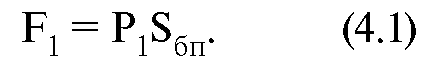 На барабанную перепонку действует звуковое давление Р1, создающее силу
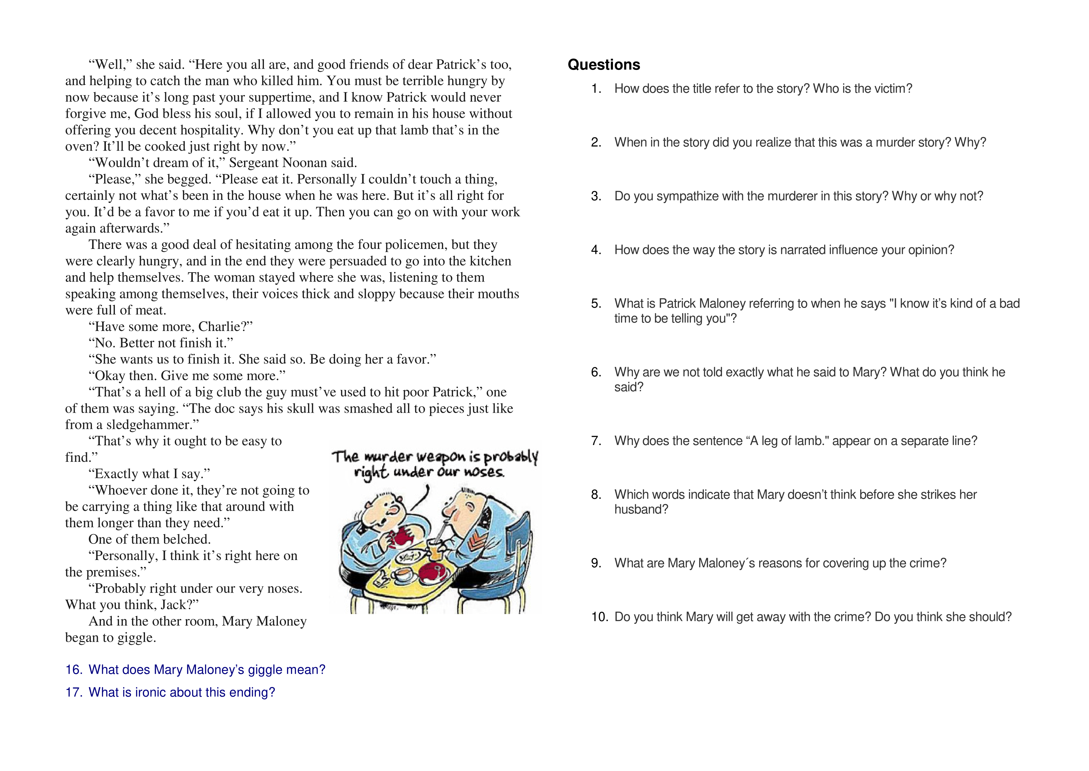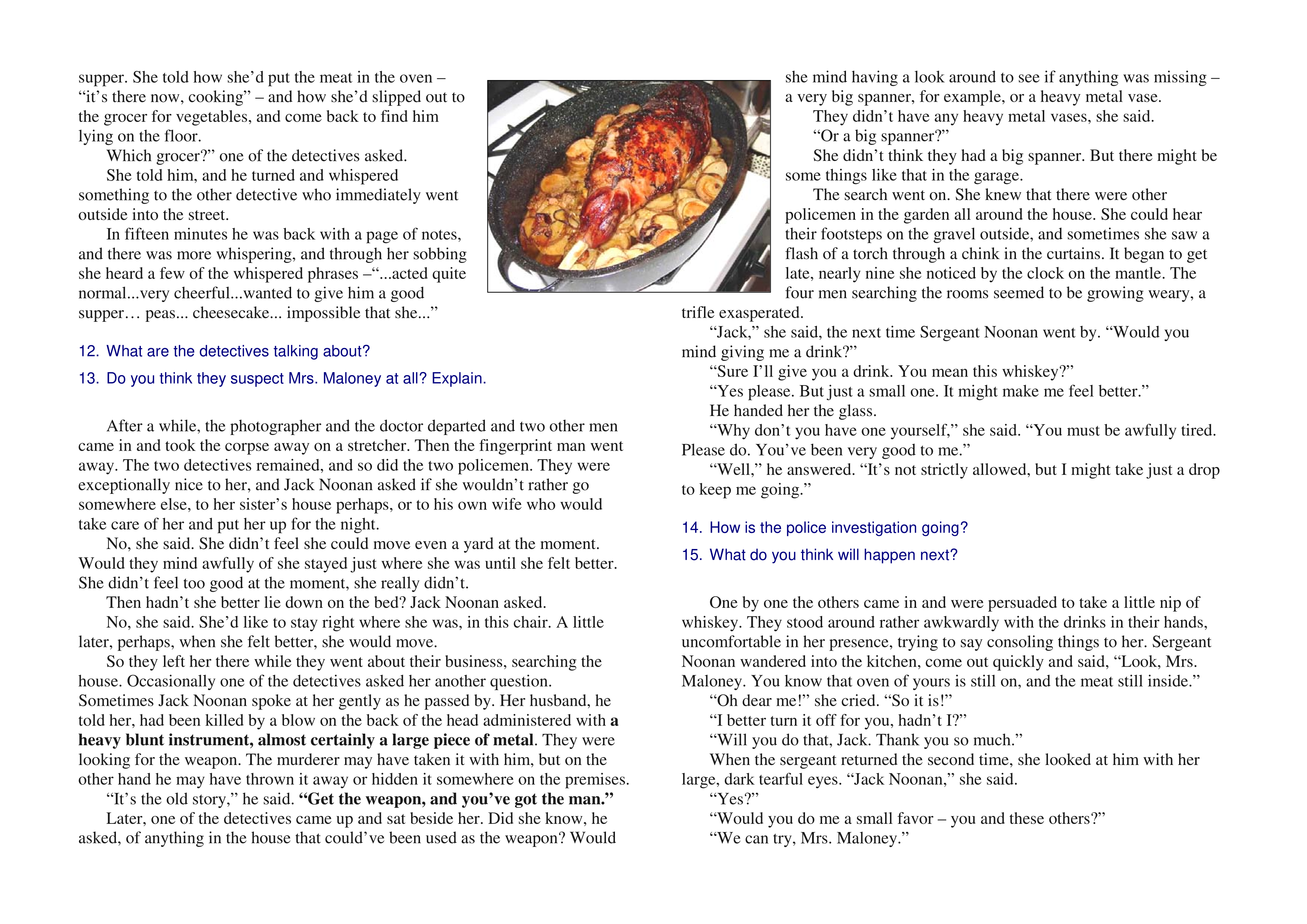 13. Do you think they suspect Mrs. Maloney at all? Explain.
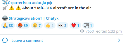 3/x Based on reports from Ukrainian monitoring channels, 5 MiG-31K's were active at the beginning of the attacks. These monitoring channels tune into the radio frequencies of the Russian pilots and track their movements and activities from that.
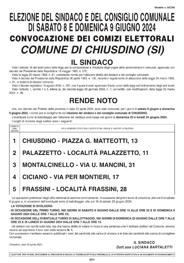Elezioni del Sindaco e del Consiglio Comunale di sabato 8 E domenica 9 giugno 2024 ed Elezioni dei Membri del Parlamento Europeo spettanti all'Italia di sabato 8 e domenica 9 giugno 2024 - Convocazione dei Comizi Elettorali
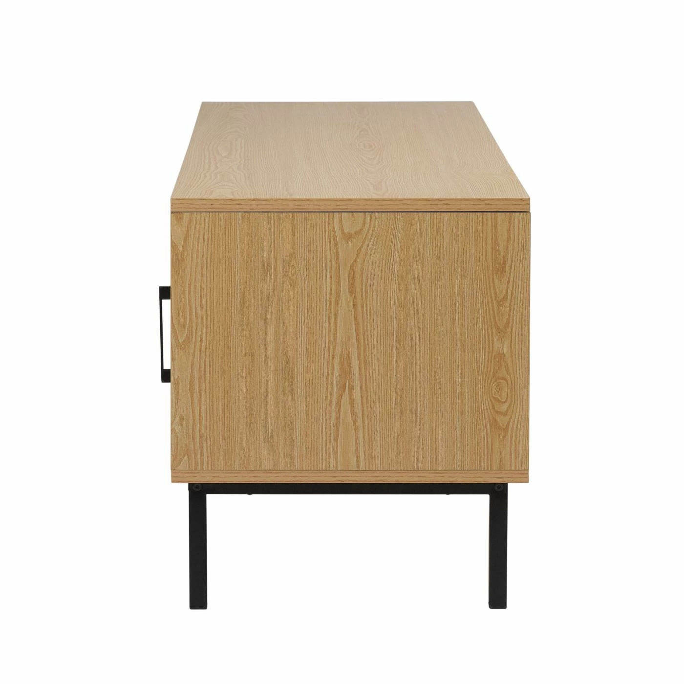 - Warm honey-tone woodgrain cabinet and doors on a modern black metal base

=== Task prompt ===
In the transcription, every picture is to be excluded and the records above given again exactly.

=== Written solution ===
 На барабанную перепонку действует звуковое давление Р1, создающее силу
 13. Do you think they suspect Mrs. Maloney at all? Explain.
 3/x Based on reports from Ukrainian monitoring channels, 5 MiG-31K's were active at the beginning of the attacks. These monitoring channels tune into the radio frequencies of the Russian pilots and track their movements and activities from that.
Elezioni del Sindaco e del Consiglio Comunale di sabato 8 E domenica 9 giugno 2024 ed Elezioni dei Membri del Parlamento Europeo spettanti all'Italia di sabato 8 e domenica 9 giugno 2024 - Convocazione dei Comizi Elettorali
 - Warm honey-tone woodgrain cabinet and doors on a modern black metal base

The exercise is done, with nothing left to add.